Понемногу возвращалась ясность рассудка и профессионально четкое восприятие окружающей реальности. И Мазур наконец-то отыскал источник раздражения: никаких видений, никакой ошибки – справа на панели мигала красная лампочка, надрывался зуммер, тоненько, выворачивающим душу писком, стрелка, показывавшая расход горючего, стремительно п а д а л а влево, к красной черте и короткой надписи на французском, с которым Мазур был не особенно в ладах, – но все и так ясно. Бензин расходуется н е п р а в и л ь н о, явно вытекает из пробитого бака. Покойный лейтенант успел выпустить добрый десяток пуль (кроме пробоин в лобовом стекле, парочка жутких дыр зияет и на приборной панели), то ли бак пробило, то ли разнесло к чертовой матери что-то в системе...

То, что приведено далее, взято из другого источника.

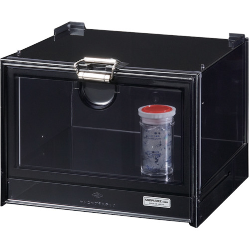(株)サンプラテック 品番:00056 サンプラ サンプラミニデシ(スモークタイプ) MD-1S 1段 特長保管品の変質・退色を防止するスモーク透明タイプです。性能等はサンプラ ミニデシと変わりありません。小型で軽く、半導体部品、電子部品の通函、社内の移送用にご愛用頂いています。研究室や実験室ではカメラや精密機器部品等の保管に適しています。ロッカーや棚に収納でき、作業台実験台を広く使用すること
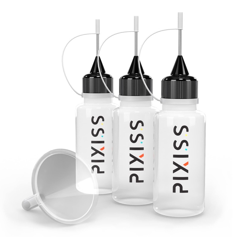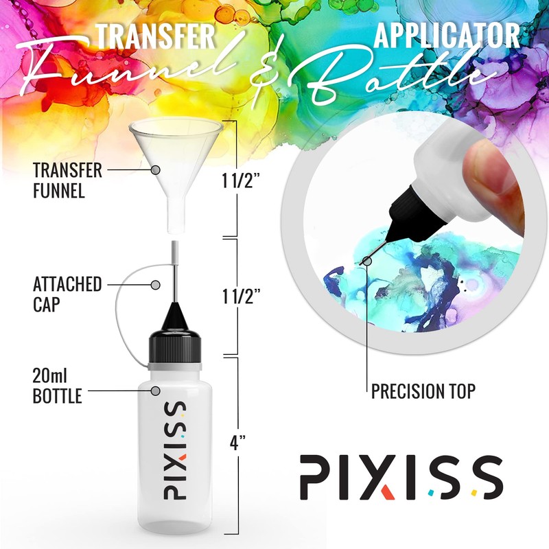 - Pixiss Applicator Bottle & Funnel - 20ml (0.68oz) semi-clear applicator bottle with a needle tip for precision use. Flexible rubber cap fits tight over the applicator needle to keep your ink from drying out or spilling. 1.5 inch plastic funnel for pouring the larger 4oz ounce alcohol ink in to smaller bottles.
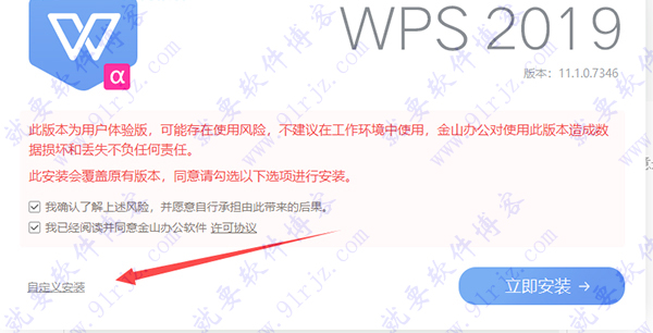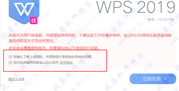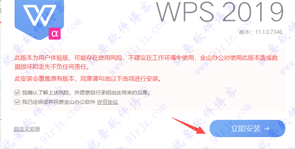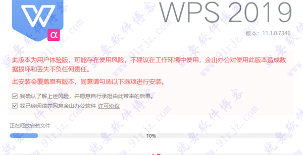 1、在本站下载并解压,双击WPS_alpha1.0.exe运行,如图所示,勾选我确认了解上述风险,并愿意自行承担由此带来的后果和|我已经阅读并同意金山办公软件许可协议
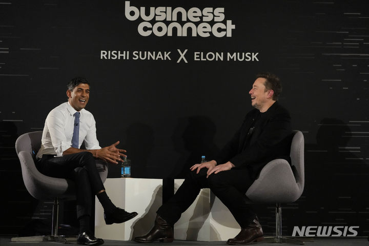 [런던=AP/뉴시스] 리시 수낵(왼쪽) 영국 총리가 2일(현지시각) 런던에서 열린 '비즈니스 커넥트' 행사에 참석해 일론 머스크 테슬라 최고경영자(CEO)와 대담하고 있다. 머스크는 "인공지능(AI)이 있는 미래는 '보편적 기본소득'이 아닌 '보편적 고소득'의 풍요로운 시대가 될 것"이라며 "로봇이 좋은 친구가 될 것이지만 우려도 해야 한다"라고 말했다. 2023.11.03.
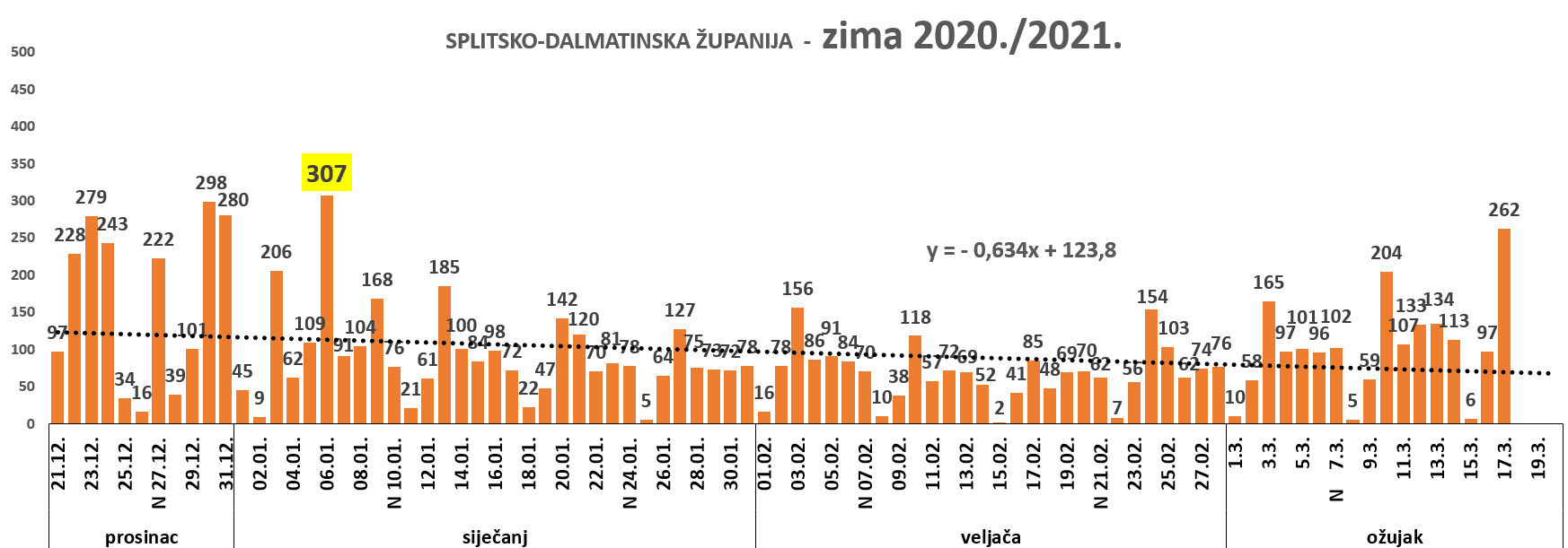 Zima, najhladnije godišnje doba, nije pokazala „svoje zube“ kako se od nje očekivalo i pored povećanja zaraženih posljednjih tjedana kalendarske zime. Dapače, nije niti nastavljen trend povećanja broja zaraženih iz jeseni već je uslijedio pad trenda zaražavanja korona virusom.

Хоть он и был в авиации дуб дубом, в голову моментально пришла короткая мысль, как ни удивительно, не вызвавшая ни страха, ни паники, вообще никаких эмоций, – когда с самолетом происходит нечто подобное, он может загореться... Где огонь, там и взрыв, нет времени копаться в памяти и гадать, так ли это... Главное – пожар запросто может вспыхнуть. А до земли чуть меньше километра – впрочем, если высотомер откалиброван на мили, и того больше. Мили у французов выставлены или километры? Ну да километры. Однако хрен редьки не слаще...

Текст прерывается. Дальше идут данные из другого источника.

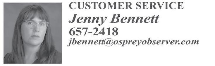 ADVERTISING Brooke Elkins 813-310-4434 belkins@ospreyobserver.com
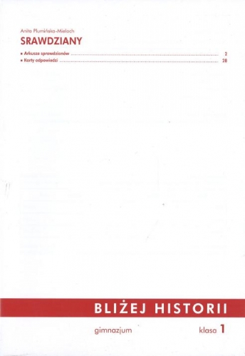 Dodatkowa publikacja z cyklu "Bliżej historii" dla klasy 1 gimnazjum, zawierająca materiały dla nauczyciela, składa się z trzech zeszytów dostosowanych do wpięcia w segregator.• W pierwszym zeszycie znalazło się trzynaście sprawdzianów (w wersjach A i B), z których każdy obejmuje trzy jednostki lekcyjne. W sprawdzianach zamieszczone zostały m.in. zadania oparte na tekstach źródłowych i historiograficznych, ilustracjach oraz mapach. Do każdego sprawdzianu przygotowana została karta odpowiedzi.• Zeszyt drugi zawiera scenariusze wszystkich lekcji, w tym powtórzeniowych, wraz z kartami pracy.• W skład trzeciego zeszytu wchodzą ćwiczenia z mapami konturowymi - dziewiętnaście map, którym towarzyszą rozbudowane zestawy poleceń.
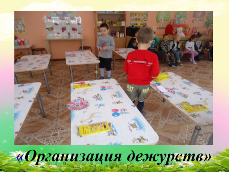 в помещении и участке, помощь взрослым в организации режимных моментов.
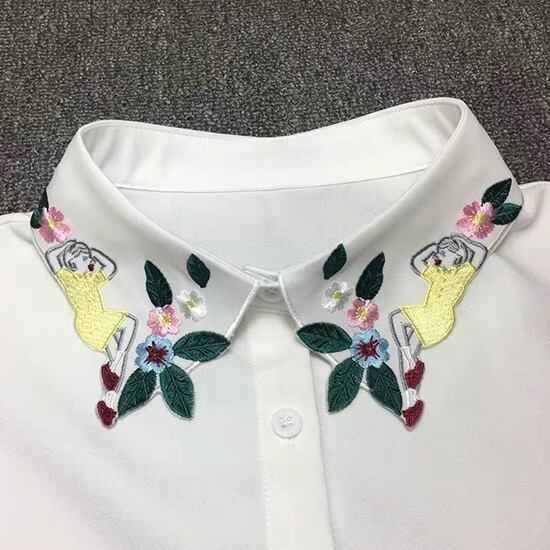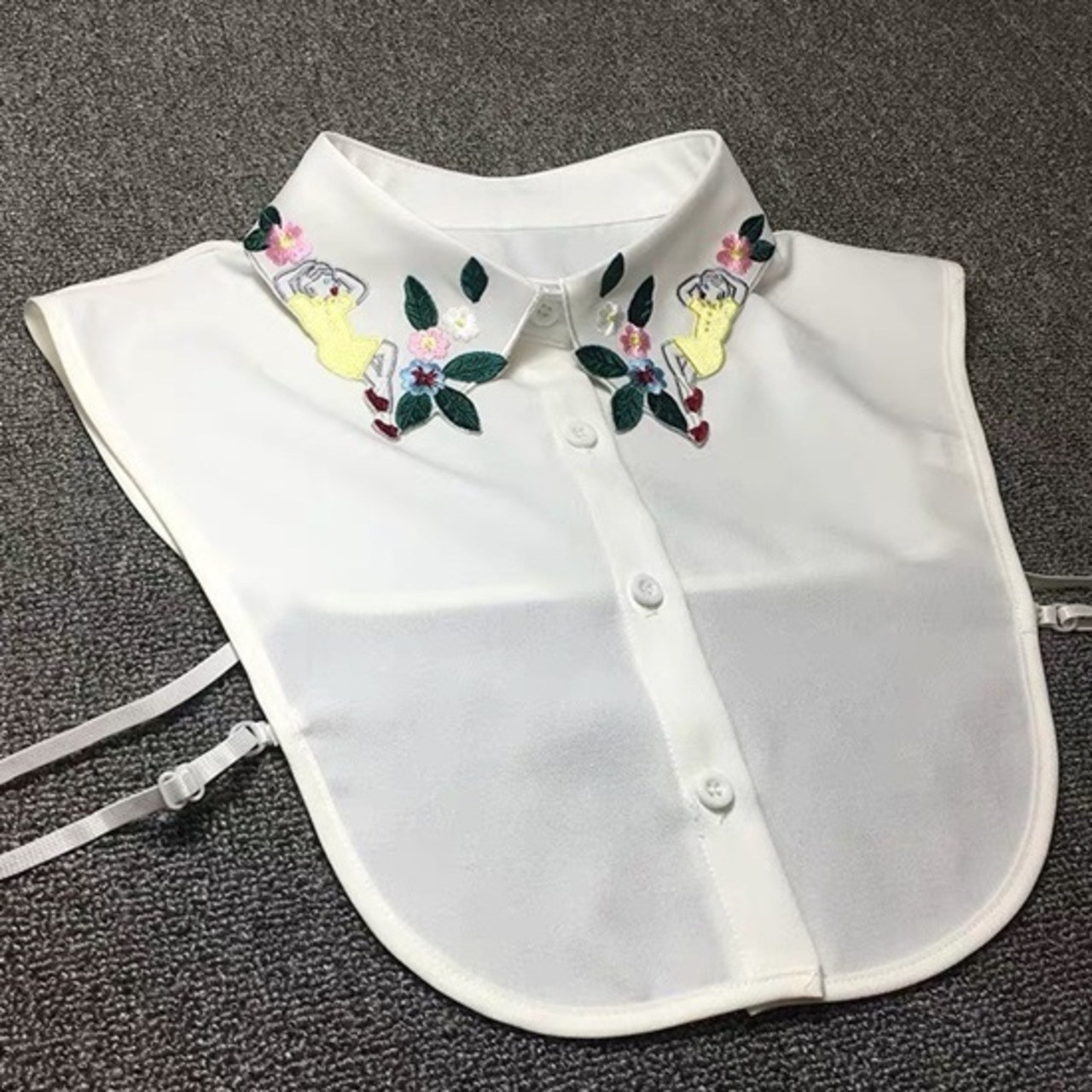 寝転んだ女の子とフラワー刺繍がユニークな付け襟です

Анка что-то возбужденно вопила за спиной. Не разбирая ни слова, вообще не вслушиваясь, Мазур сосредоточился на управлении. Если горючка еще пару минут будет убывать такими темпами, бак опустеет окончательно...
Перебой в левом моторе! Заработал опять... перебой в правом, снова заработал...

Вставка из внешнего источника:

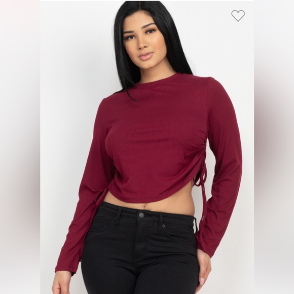 Cranberry Adjustable Ribbed Ruch Top
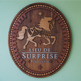 ロゴマークは、「驚き」の文字の中にある「馬」をモチーフにしています。頭が右にあり、しっぽが左にある馬の絵は「左馬」という縁起のよい福馬で、LIEU DE SURPRISEと訪れるお客様を温かく見守っています。
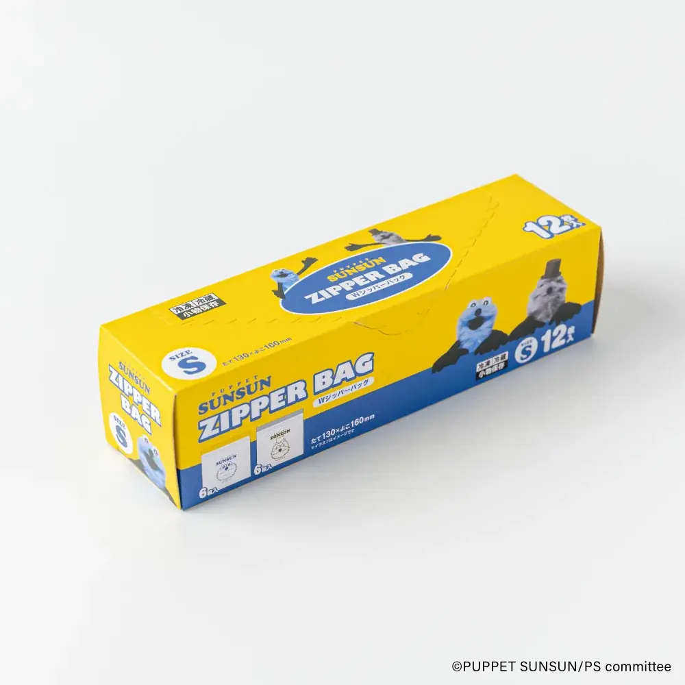 - Wジッパーバッグ(Sサイズ):12枚入り、店頭売価350円(税抜)。収納部分のサイズはタテ13cm×ヨコ16cm。デザインはスンスンとゾンゾンが各6枚。
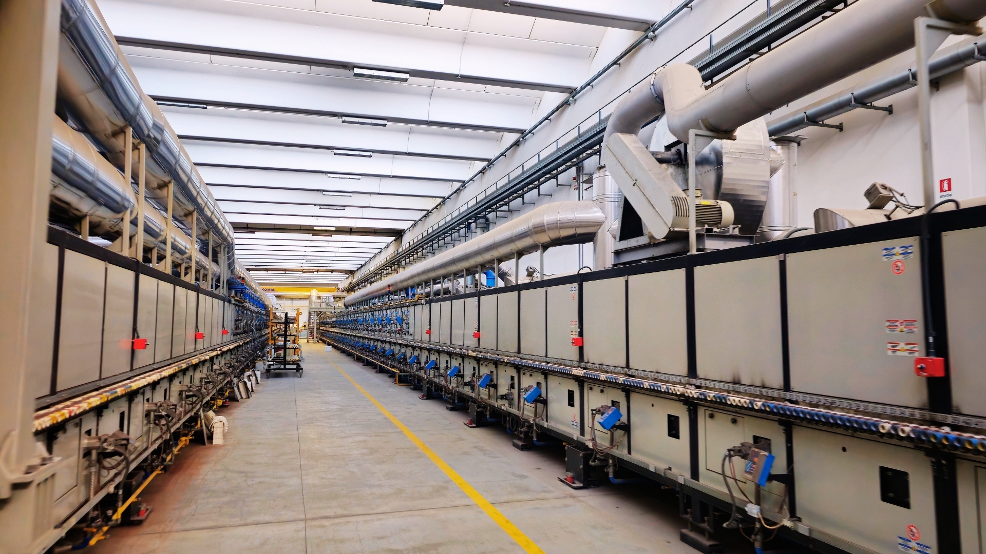 The plant includes key enhancements: new in-line post-catalysis furnace (slab flatness optimization), integration of Chromia ovens for hardening treatment, and new equipment for dry film application.
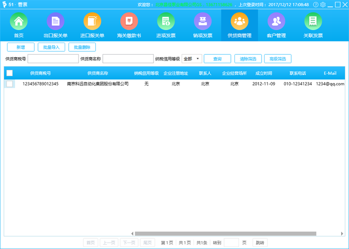 供货商管理,实现批量导入、删除,在线修改、保存,实现对进项发票的便捷管理。
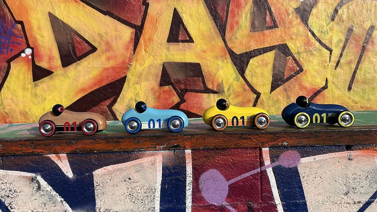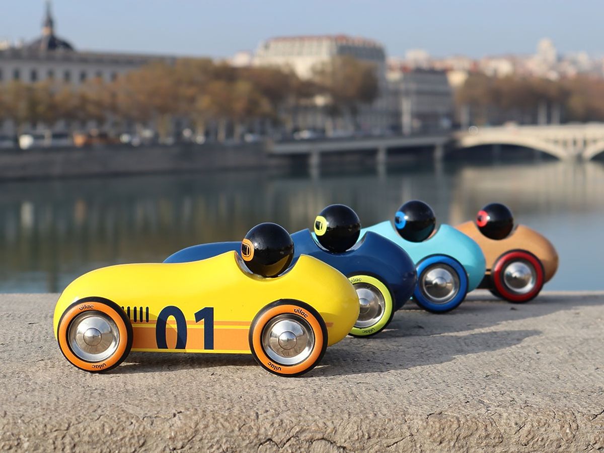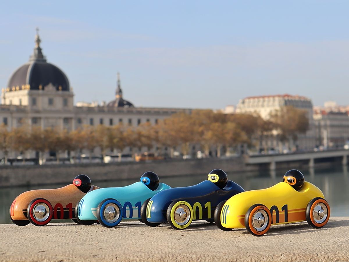 An extraordinary car with rounded aerodynamic shapes in a unique design, intended for play as well as an attractive interior accessory or collectible piece. Playing with the car allows the child to use many skills: fine motor skills, dexterity, imagination, creativity. They can mimic engine or siren sounds, park in a garage, or go for a drive. Playing with other children or family members teaches sharing, cooperation, and imitation, thereby developing important social skills. The car is made from solid beech wood, hand-painted with safe colors using the traditional immersion process. Made in France, delivered in a printed box. Main features: develops fine motor skills and supports proper grip, unique design and craftsmanship, made from solid beech wood, unique hand painting, packaged in an attractive box, suitable as a gift, collectible piece, or interior accessory, made in France.
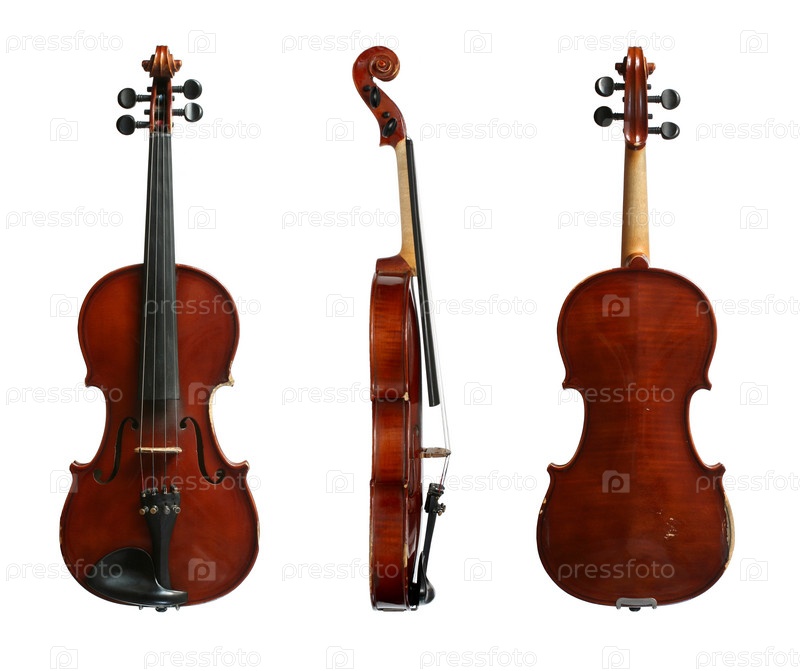 Скрипка на белом фоне в трех проекциях. Вид сверху, сбоку и снизу

Самая пора переходить в пехоту, нисколечко не мешкая. Мазур старательно принюхивался, пытаясь учуять запах гари, но мешал лишь самую малость развеявшийся стойкий аромат пороховой гари. А вот бензином завоняло остро, резко, пронзительно...
Он вновь бросил взгляд на стрелку – скоро, совсем скоро упрется в белую черту... Снизился, вытянув шею, разглядывал зеленое море тайги.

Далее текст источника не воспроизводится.